Она потеряет несколько дней на поездку по испанскому побережью Средиземного моря. Затем вернется той же дорогой в Авиньон, а оттуда направится в Париж. К тому же она никогда не видела ту часть Испании, где растет рис и тянутся апельсинные насаждения километр за километром. Правда, ей говорили о плохих дорогах испанского побережья Средиземного моря, и с нею не было горничной, чтобы служить ей в посредственных отелях. Можно ее вызвать, но Розаура сочла это бесполезным, так как она сама скоро вернется в Париж после маленького крюка в Испанию. Вперед!..

Она рассмеялась, представив себе изумление бедного кабальеро Тангейзера. И самые затруднения ее путешествия сообщали ему привлекательность. Ей нравилось время от времени встречать препятствия. Она считала полезным «делать опыты», как говорили некоторые ее приятельницы, многомиллионщицы Соединенных Штатов, готовые с улыбкой итти на всякие недостатки в путешествиях.

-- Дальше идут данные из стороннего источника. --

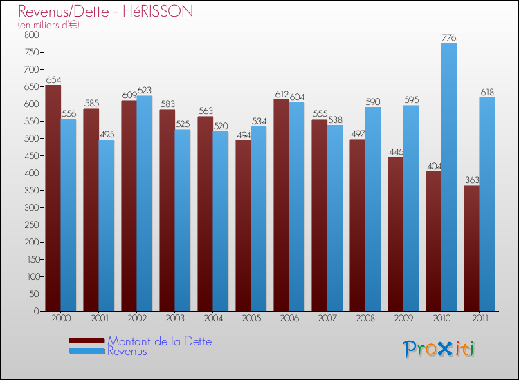 Comparaison Revenus/Dette de Hérisson (de 2000 à 2011)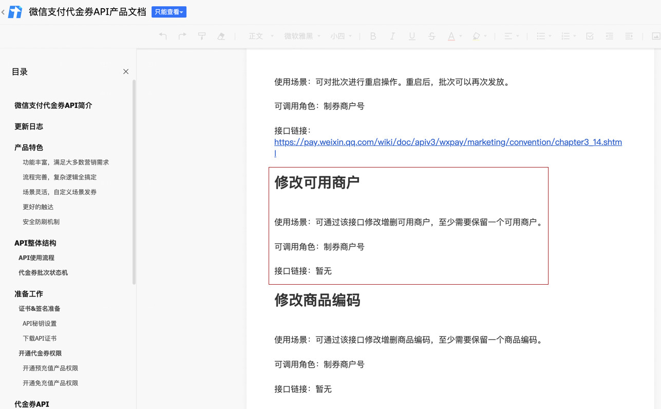 2、前面的文档说,有修改可用商户的接口,但是到了这个文档里,接口链接又是暂无。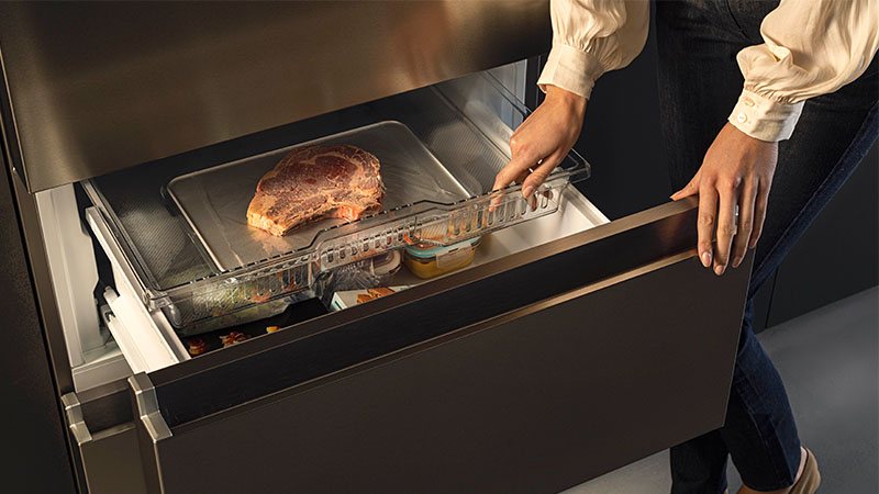 Met gemak en snelheid kun je de temperatuur van de compartimenten aanpassen met vijf verschillende instellingen, variërend van -3°C tot +5°C, afhankelijk van de voedingsmiddelen die je wilt bewaren. Kies uit opties zoals Fruits & Vegetables, Seafood, Defrost, Quickcool of Chiller 0°C Fresh. Een praktische, efficiënte en volledig gepersonaliseerde ervaring.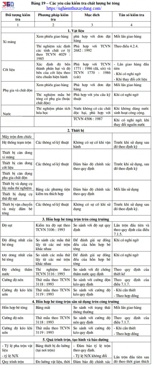 Các nội dung chi tiết công tác nghiệm thu bê tông và bê tông thương phẩm được quy định trong TC4453-1995 gồm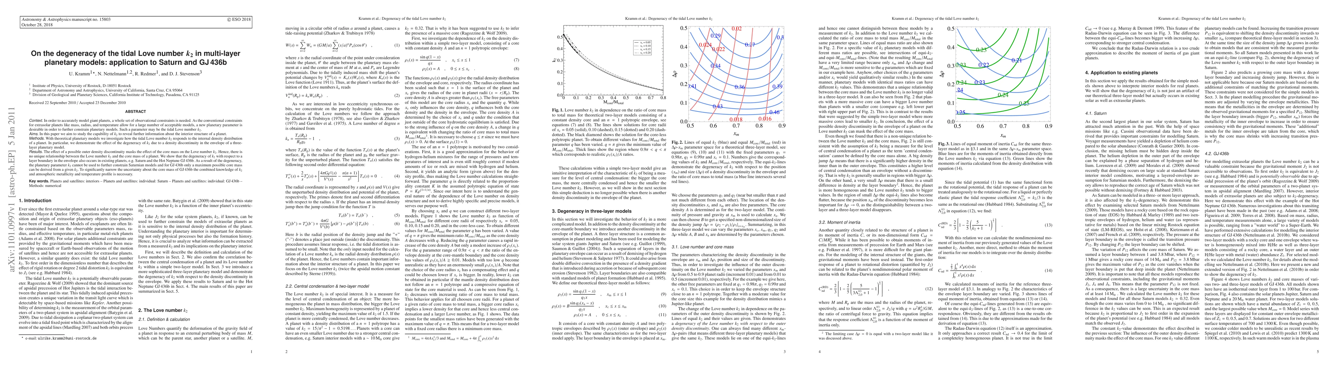 In order to accurately model giant planets, a whole set of observational constraints is needed. As the conventional constraints for extrasolar planets like mass, radius, and temperature allow for a large number of acceptable models, a new planetary parameter is desirable in order to further constrain planetary models. Such a parameter may be the tidal Love number k2. In this paper we aim to study the capability of k2 to reveal further information about the interior structure of a planet. With theoretical planetary models we investigate how the tidal Love number k2 responds to the internal density distribution of a planet. In particular, we demonstrate the effect of the degeneracy of k2 due to a density discontinuity in the envelope of a three-layer planetary model. The effect of a possible outer density discontinuity masks the effect of the core mass on the Love number k2. Hence, there is no unique relationship between the Love number k2 and the core mass of a planet. We show that the degeneracy of k2 with respect to a layer boundary in the envelope also occurs in existing planets, e.g. Saturn and the Hot Neptune GJ436b. As a result of the degeneracy, the planetary parameter k2 cannot be used to further constrain Saturnian models and for GJ436b only a maximum possible core mass can be derived from a given k2. To significantly narrow the uncertainty about the core mass of GJ436b the combined knowledge of k2 and atmospheric metallicity and temperature profile is necessary.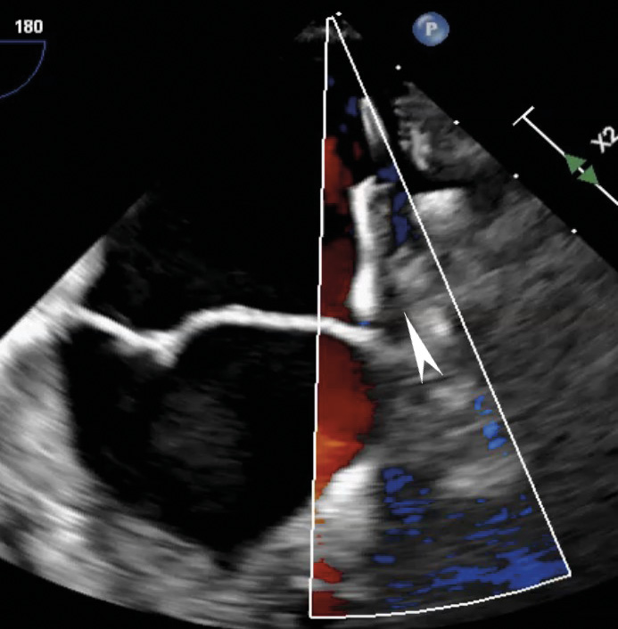 Рис. 4. В режиме цветного доплеровского картирования патологического сброса и краевых потоков в проекции установленного окклюдера в ушке левого предсердия не выявлено (окклюдер указан стрелкой)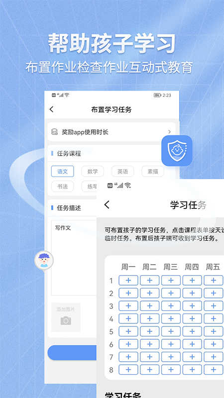 【助学习】家长可通过APP布置作业,检查作业,和孩子交流学习,解决学习问题,进行互动式教育。学习结束,解锁孩子手机中的娱乐软件,对作业完成优化的还可以奖励娱乐时长,劳逸结合,让孩子玩得更开心。
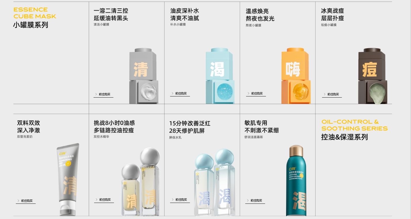 油皮修护系列:C咖控油清洁泥膜 · 第3代、C咖清净细肤水精华 · 第2代

Розаура проехала прямо в Перпиньян, минуя Марсель. Многие названия городов напомнили ей письма Борха. Его дон Педро де-Луна жил там. Она стала погружаться мало-по-малу в атмосферу, которая ее окружала, когда она слушала молодого испанца.

Розаура ехала теперь навстречу ему, считая часы, отделявшие ее от него, и путь казался ей необычайно долгим. Она сама смеялась над своим нетерпением, находя его нелепым. «Можно было бы сказать, что я еду отыскивать своего возлюбленного. Бедный Борха! Как был бы он горд, если бы знал об этом».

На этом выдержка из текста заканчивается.